== Activity ==
An exact restatement of the data is required, with the images omitted.

== Data shown ==
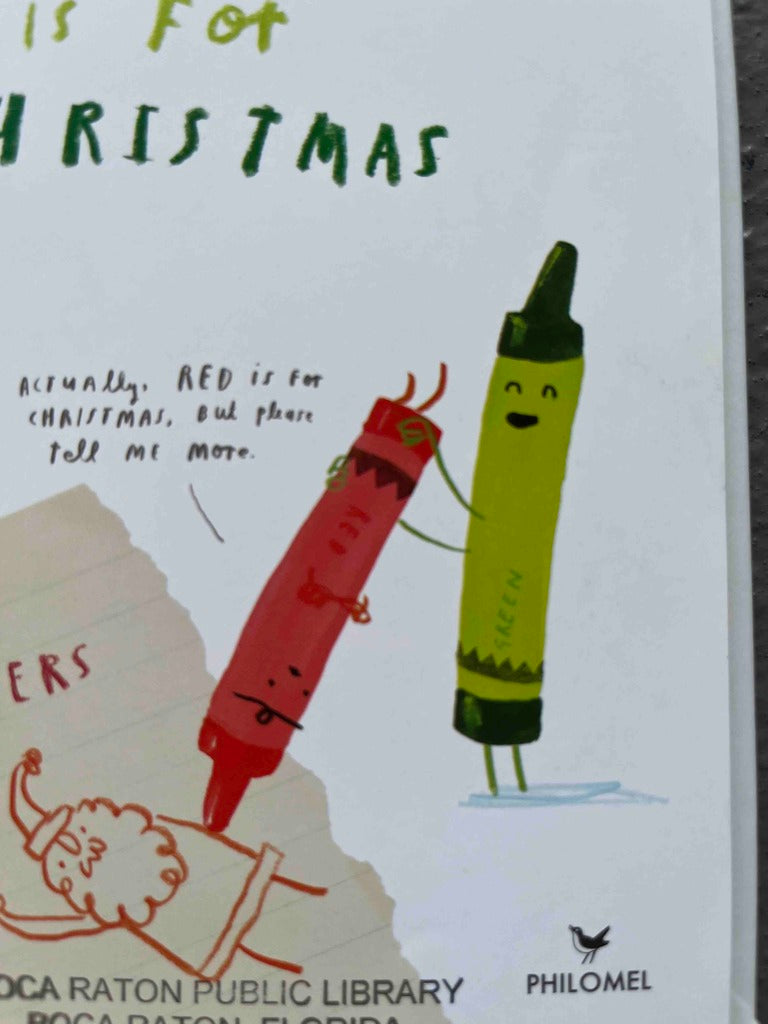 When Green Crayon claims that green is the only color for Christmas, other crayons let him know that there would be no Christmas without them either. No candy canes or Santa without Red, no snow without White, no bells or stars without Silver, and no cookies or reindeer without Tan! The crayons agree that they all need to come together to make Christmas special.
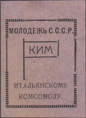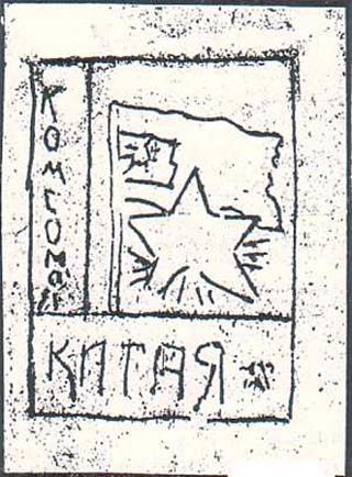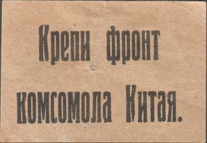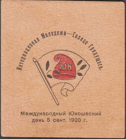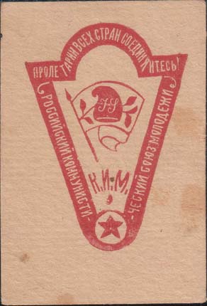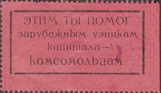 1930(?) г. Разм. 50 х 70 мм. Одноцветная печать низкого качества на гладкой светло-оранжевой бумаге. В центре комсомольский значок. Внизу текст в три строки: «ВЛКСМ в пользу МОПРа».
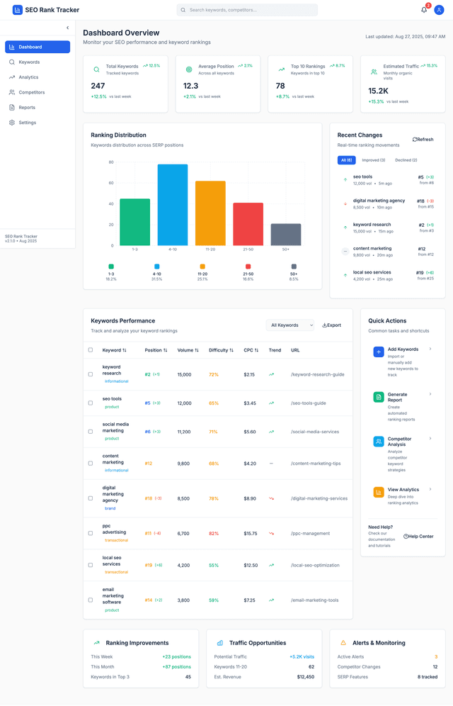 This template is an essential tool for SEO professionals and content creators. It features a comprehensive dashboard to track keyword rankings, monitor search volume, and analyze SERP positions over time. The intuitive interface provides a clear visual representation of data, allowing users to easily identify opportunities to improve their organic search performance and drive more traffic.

== Written solution ==
 When Green Crayon claims that green is the only color for Christmas, other crayons let him know that there would be no Christmas without them either. No candy canes or Santa without Red, no snow without White, no bells or stars without Silver, and no cookies or reindeer without Tan! The crayons agree that they all need to come together to make Christmas special.
 1930(?) г. Разм. 50 х 70 мм. Одноцветная печать низкого качества на гладкой светло-оранжевой бумаге. В центре комсомольский значок. Внизу текст в три строки: «ВЛКСМ в пользу МОПРа».
 This template is an essential tool for SEO professionals and content creators. It features a comprehensive dashboard to track keyword rankings, monitor search volume, and analyze SERP positions over time. The intuitive interface provides a clear visual representation of data, allowing users to easily identify opportunities to improve their organic search performance and drive more traffic.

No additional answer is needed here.